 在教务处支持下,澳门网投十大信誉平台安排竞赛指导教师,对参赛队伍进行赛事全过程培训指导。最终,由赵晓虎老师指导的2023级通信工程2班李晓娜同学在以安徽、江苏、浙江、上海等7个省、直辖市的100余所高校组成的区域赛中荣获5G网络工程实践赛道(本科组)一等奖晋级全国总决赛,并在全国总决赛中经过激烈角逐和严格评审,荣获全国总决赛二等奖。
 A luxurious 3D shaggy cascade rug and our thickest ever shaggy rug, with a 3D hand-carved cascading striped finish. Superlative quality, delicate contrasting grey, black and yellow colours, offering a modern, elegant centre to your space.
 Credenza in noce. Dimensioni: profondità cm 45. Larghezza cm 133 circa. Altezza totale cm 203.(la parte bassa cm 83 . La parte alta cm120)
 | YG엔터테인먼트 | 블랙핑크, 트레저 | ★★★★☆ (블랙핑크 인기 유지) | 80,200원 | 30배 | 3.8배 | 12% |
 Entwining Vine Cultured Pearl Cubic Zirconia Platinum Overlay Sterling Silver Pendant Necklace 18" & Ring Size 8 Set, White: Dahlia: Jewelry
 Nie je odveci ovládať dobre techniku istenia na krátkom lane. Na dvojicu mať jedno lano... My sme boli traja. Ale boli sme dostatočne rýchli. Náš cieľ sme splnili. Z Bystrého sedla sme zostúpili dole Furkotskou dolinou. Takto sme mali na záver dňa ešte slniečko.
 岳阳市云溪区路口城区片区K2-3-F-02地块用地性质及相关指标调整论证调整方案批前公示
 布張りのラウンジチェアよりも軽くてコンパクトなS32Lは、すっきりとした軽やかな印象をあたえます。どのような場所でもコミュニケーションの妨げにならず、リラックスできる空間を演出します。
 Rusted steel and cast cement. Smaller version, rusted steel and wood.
---+---
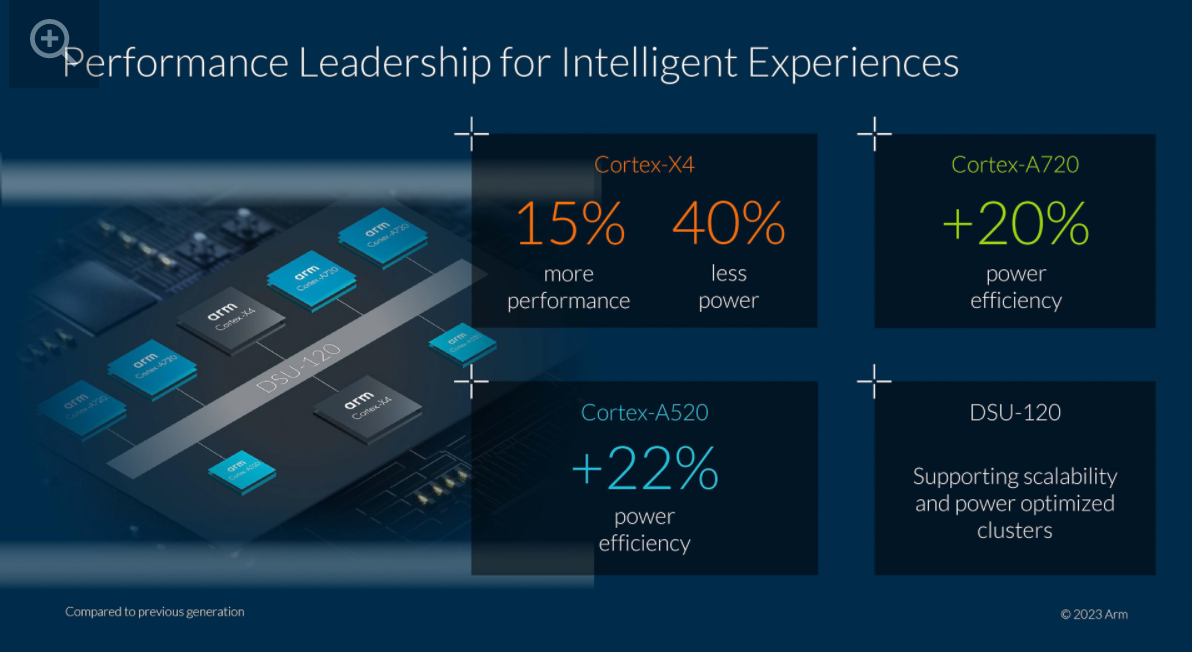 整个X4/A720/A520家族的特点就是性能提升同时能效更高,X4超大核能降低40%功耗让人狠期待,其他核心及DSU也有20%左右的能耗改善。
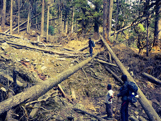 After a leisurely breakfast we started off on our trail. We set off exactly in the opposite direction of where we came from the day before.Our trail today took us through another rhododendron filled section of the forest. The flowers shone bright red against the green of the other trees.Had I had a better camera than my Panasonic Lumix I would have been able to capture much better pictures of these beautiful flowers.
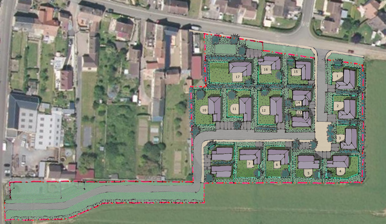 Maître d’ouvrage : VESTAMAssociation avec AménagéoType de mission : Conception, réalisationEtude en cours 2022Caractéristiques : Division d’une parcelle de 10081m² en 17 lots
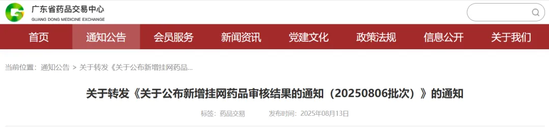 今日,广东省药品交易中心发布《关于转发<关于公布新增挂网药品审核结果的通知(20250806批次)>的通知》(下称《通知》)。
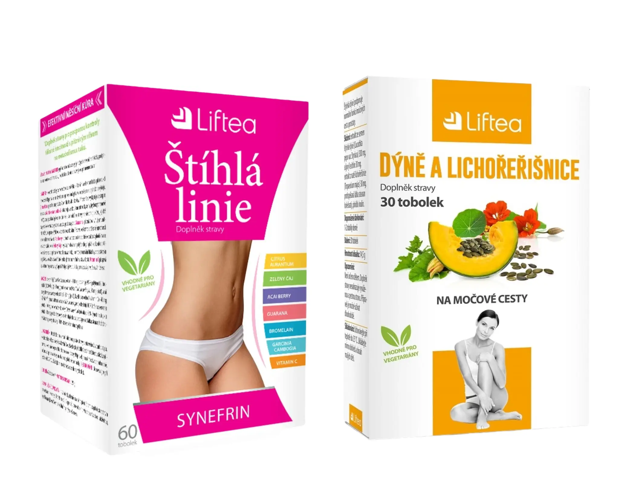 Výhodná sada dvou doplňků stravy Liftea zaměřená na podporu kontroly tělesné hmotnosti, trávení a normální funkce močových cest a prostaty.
---+---
WHAT IS BEING ASKED:
With the line that has "在教务处支持下,澳门网投十大" as the first and the line that has "A luxurious 3D" as the last, repeat exactly that run of lines above and no more.

RESULT OF THE EXERCISE:
 在教务处支持下,澳门网投十大信誉平台安排竞赛指导教师,对参赛队伍进行赛事全过程培训指导。最终,由赵晓虎老师指导的2023级通信工程2班李晓娜同学在以安徽、江苏、浙江、上海等7个省、直辖市的100余所高校组成的区域赛中荣获5G网络工程实践赛道(本科组)一等奖晋级全国总决赛,并在全国总决赛中经过激烈角逐和严格评审,荣获全国总决赛二等奖。
 A luxurious 3D shaggy cascade rug and our thickest ever shaggy rug, with a 3D hand-carved cascading striped finish. Superlative quality, delicate contrasting grey, black and yellow colours, offering a modern, elegant centre to your space.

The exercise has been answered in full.